How to remove a virus from an Android device
If your phone is showing some of the symptoms of malware and you think it might be infected, there are a few steps you can take to clean your phone and get rid of malware.
Clear your cache
Since malware often attacks your web browser, the first thing you should do is clear your web browser cache. This can eliminate malware residing in the phone memory. The specific steps may vary slightly depending on the phone model you have, but you should be able to find your cache settings by following these steps:
1. Start the Settings application.
2. Faucet apps.
3. Go to the applications list (you may need to press See all apps) and touch Chromium (or whatever browser you use).
4. Faucet Storage and caching.
5. Faucet Empty the cache.
6. Faucet Manage spacethen Erase all data.
Delete unknown apps in safe mode
Malware may have installed malicious software on your phone and it may not be possible to remove these apps in the usual way. Instead, you can restart your phone in safe mode, which starts the phone with minimal apps and services so you can remove apps before malware has a chance to start.
The method to start safe mode may vary depending on your phone model, so you may need to search online for the exact procedure for your phone. But it should work for many models: from the lock screen, press and hold Power until the shutdown screen appears. Tap and hold Switch off button. After a while, you should see the option to restart the phone in safe mode. Select it.
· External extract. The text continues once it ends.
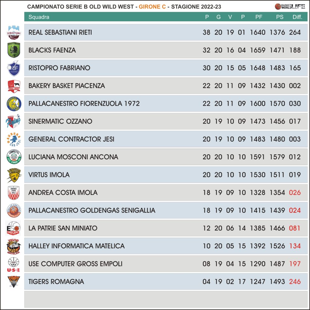 Virtus Imola-La Patrie San Miniato 75-65 La Virtus Imola (Borislav Mladenov 20+14r) conquista un importante e meritato successo, che le permette di rientrare in piena corsa per la quarta posizione, piegando nel finale la resistenza di una San Miniato (Daniel Ohenhen 14) che resta ancora senza affermazioni in trasferta e che mantiene comunque due punti di vantaggio su Matelica, terzultima in classifica.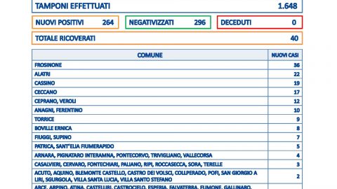 Zero decessi e 264 casi in provincia di Frosinone. Il tasso di positività è al 16% a fronte dei 1.648

When the phone restarts in safe mode, third-party apps (including most malware) are disabled. Find potentially unwanted applications and remove them.
Activate Google Play Protect
Play Protect is Google’s free anti-malware app that checks your phone for malware and behaviors similar to your third-party apps. If you are not already using Google Play Protect, you must immediately activate it from the Google Play store.
Install anti-malware software
In general, installing third-party anti-malware software on your Android phone can be considered overkill. For most people, the risk of infection is relatively low, so paying for anti-malware software might not be a good investment. But if you are already infected or have been infected in the past, additional protection may be warranted. Some great options include Bitdefender Total Security and Norton Antivirus Plus.
Reset your phone to factory settings
If all else fails, a surefire way to remove malware from your phone is to factory reset it. This removes all apps, data, and settings from the phone, so use this option with caution. Start the Settings app and choose Reset options (you may need to navigate to System first, depending on your phone), then choose Erase all data (factory reset).
After the reset, you can reinstall your apps and data from a recent backup, but if the malware was already in the backup, you’ll just re-infect your phone again. If so, you will need to reset the phone a second time and then manually reinstall your favorite apps, without using the backup.